● **EXERCISE INPUTS**:
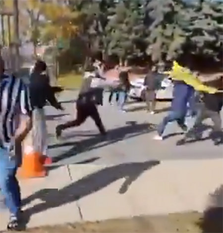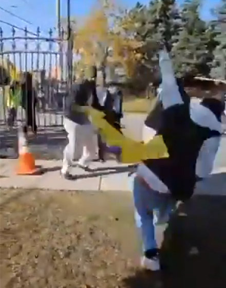 當地時間11月3日,加拿大一座印度教寺廟外發生暴力衝突 視頻截圖
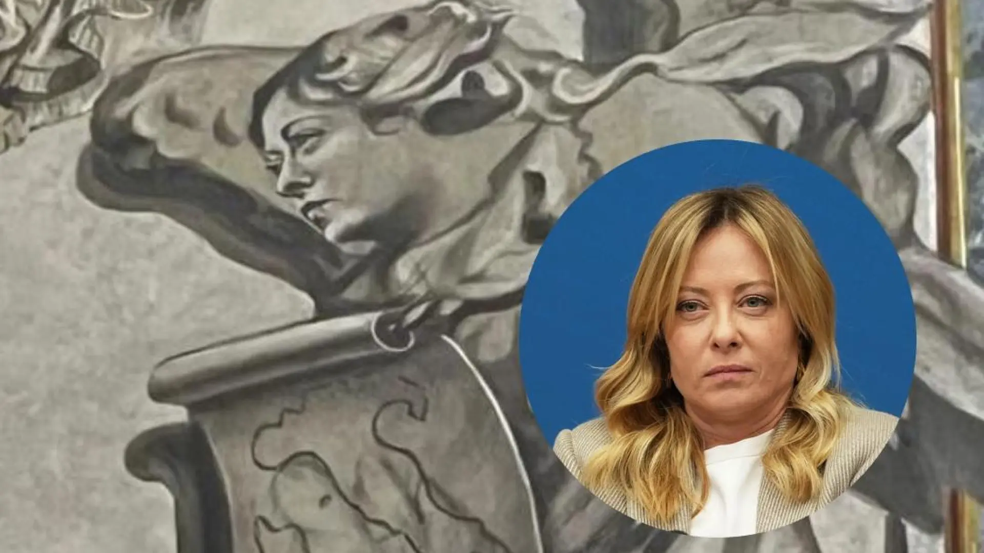 Sobre el busto de mármol del rey Humberto II de Saboya en la Basílica de San Lorenzo in Lucina se encuentran los frescos de dos ángeles y uno de ellos apareció en los últimos días con una nueva cara que se asemeja a la de Meloni, muy diferente a la figura alada que existía antes sosteniendo un pergamino, en frente de otro ángel que ofrece la corona al soberano.
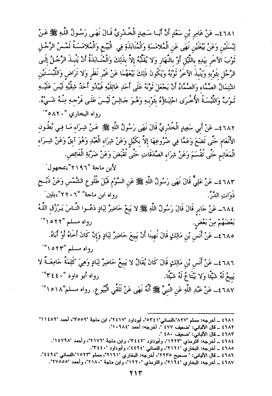 4684 - جَابِرُ رفعه: ((لا يَبِعْ حَاضِرٌ لِبَادٍ، ودَعُوا النَّاسَ يَرْزُقِ الله بَعْضَهُمْ مِنْ بَعْضٍ)). لمسلمٍ وأصحابِ السننِ (¬1).
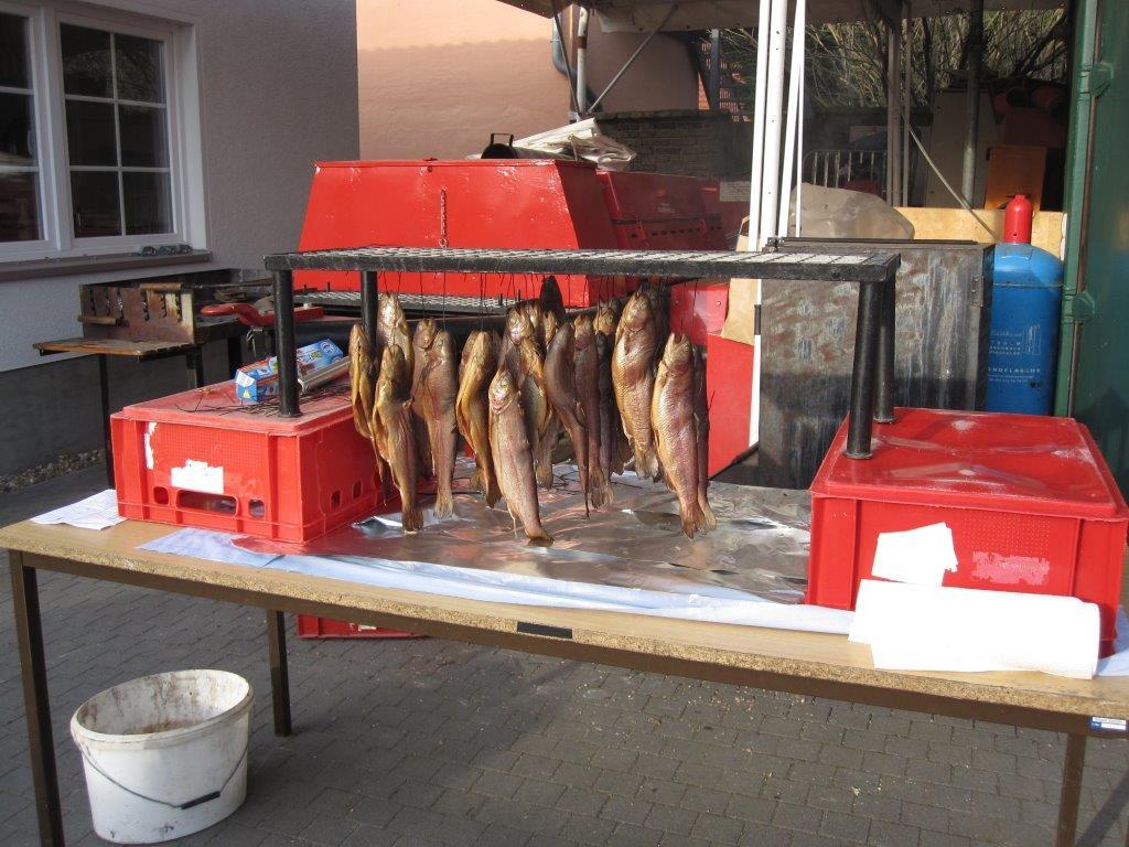 Das 5.Räucherfest fand am 20.04.13 statt. Um die zwanzig Mitglieder nahmen an der Veranstaltung teil. Wie gewohnt wurden Forellen und Salamis geräuchert. Als kleinen Imbiss zwischendurch gab es auch wieder eine Fischsoljanka. Am späten Abend wurde dann zum Wärmen die Feuerschale entzündet. Es war ein gelungener Abend.
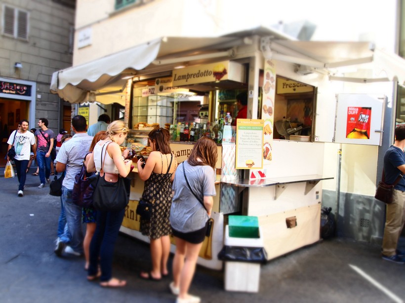 С едой во Флоренции проблем нет. Когда мы поздно вечером уезжали из города, на вокзале еще работали продуктовые магазинчики; наверняка и в туристической зоне имеется несколько таких. А в самом городе мы зашли в понравившуюся нам тратторию, располагавшуюся в каком-то переулке. Все как полагается: клетчатые скатерти, деревянный интерьер, свечки на столах, живенький итальянец, хозяин заведения, сам обслуживает часть столиков. Все заказанное было очень вкусно! Ну, у итальянцев часто так (хотя и на старуху бывает проруха).
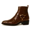 Luxury Crocodile-Embossed Brown Leather Harness Boot
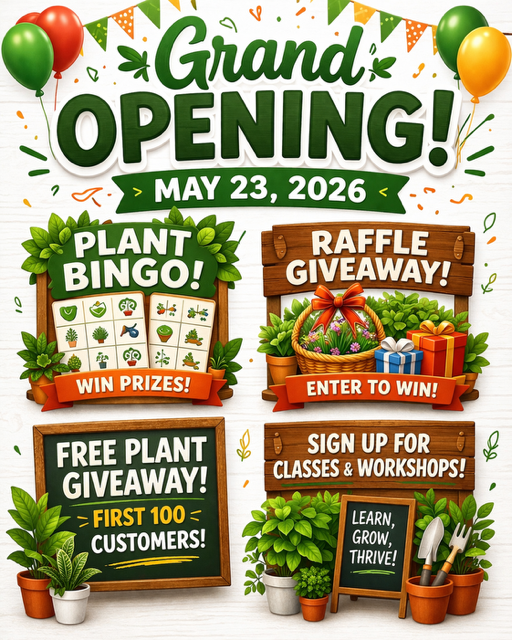 - Plant Bingo Games (free to play) scheduled @12noon, 2pm & 5pm with chances to win a plant

● **YOUR ASSIGNMENT**:
I would like the lines from the one with "4684 - جَابِرُ" through the last line of the data above retyped exactly, with pictures left out, please.

● **RESULT FOR THIS TASK**:
 4684 - جَابِرُ رفعه: ((لا يَبِعْ حَاضِرٌ لِبَادٍ، ودَعُوا النَّاسَ يَرْزُقِ الله بَعْضَهُمْ مِنْ بَعْضٍ)). لمسلمٍ وأصحابِ السننِ (¬1).
 Das 5.Räucherfest fand am 20.04.13 statt. Um die zwanzig Mitglieder nahmen an der Veranstaltung teil. Wie gewohnt wurden Forellen und Salamis geräuchert. Als kleinen Imbiss zwischendurch gab es auch wieder eine Fischsoljanka. Am späten Abend wurde dann zum Wärmen die Feuerschale entzündet. Es war ein gelungener Abend.
 С едой во Флоренции проблем нет. Когда мы поздно вечером уезжали из города, на вокзале еще работали продуктовые магазинчики; наверняка и в туристической зоне имеется несколько таких. А в самом городе мы зашли в понравившуюся нам тратторию, располагавшуюся в каком-то переулке. Все как полагается: клетчатые скатерти, деревянный интерьер, свечки на столах, живенький итальянец, хозяин заведения, сам обслуживает часть столиков. Все заказанное было очень вкусно! Ну, у итальянцев часто так (хотя и на старуху бывает проруха).
 Luxury Crocodile-Embossed Brown Leather Harness Boot
 - Plant Bingo Games (free to play) scheduled @12noon, 2pm & 5pm with chances to win a plant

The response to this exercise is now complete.